The Trump administration’s change would greatly expand the number of immigrants who are penalized, denying green cards to those who use taxpayer-funded benefits or even who are likely to use them in the future.

The immigration history professors warned DHS: “The proposals for these sweeping changes in immigration public charge policy would reverse over 100 years in consistent policy.”

As the backlash reverberated Tuesday, some critics, including CNN’s Erin Burnett, pointed out that if Cuccinelli’s vision of immigration in America had actually existed in 1903, their ancestors may have been labeled burdensome and sent back to their country on a ship.

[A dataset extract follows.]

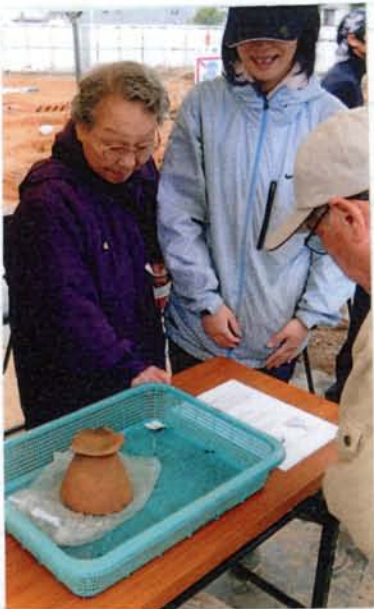
<概要> 弥生時代の土器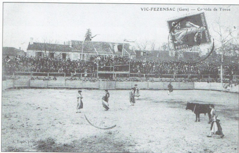
La foule nombreuse occupe les gradins mobiles et les talenquères. Des courses de taureaux ont été organisées au foirail en 1878, 1894, 1904, 1906, 1908...

“If the Trump admin’s new anti-immigrant ‘public charge’ rule and acting (USCIS director) Ken Cuccinelli’s bastardized wording of Emma Lazarus’s poem affixed to the Statue of Liberty had been in effect 115 years ago, I would not be here today,” wrote Stephen Schwartz, co-author of “Atomic Audit: The Costs and Consequences of U.S. Nuclear Weapons Since 1940.”

On Tuesday night, Polland shared some of the poems written by her sixth-graders, saying they showed a stark contrast from Cuccinelli in their visions for American immigration.

“I will accept the poor, the meek, the ruthless and wild/ It is you that I will take in, as my own child,” one wrote.

“A copper goddess towers over the poor and pitied, forgotten and alone,” wrote another sixth-grader. “Her splendor not gone, but her voice silenced.”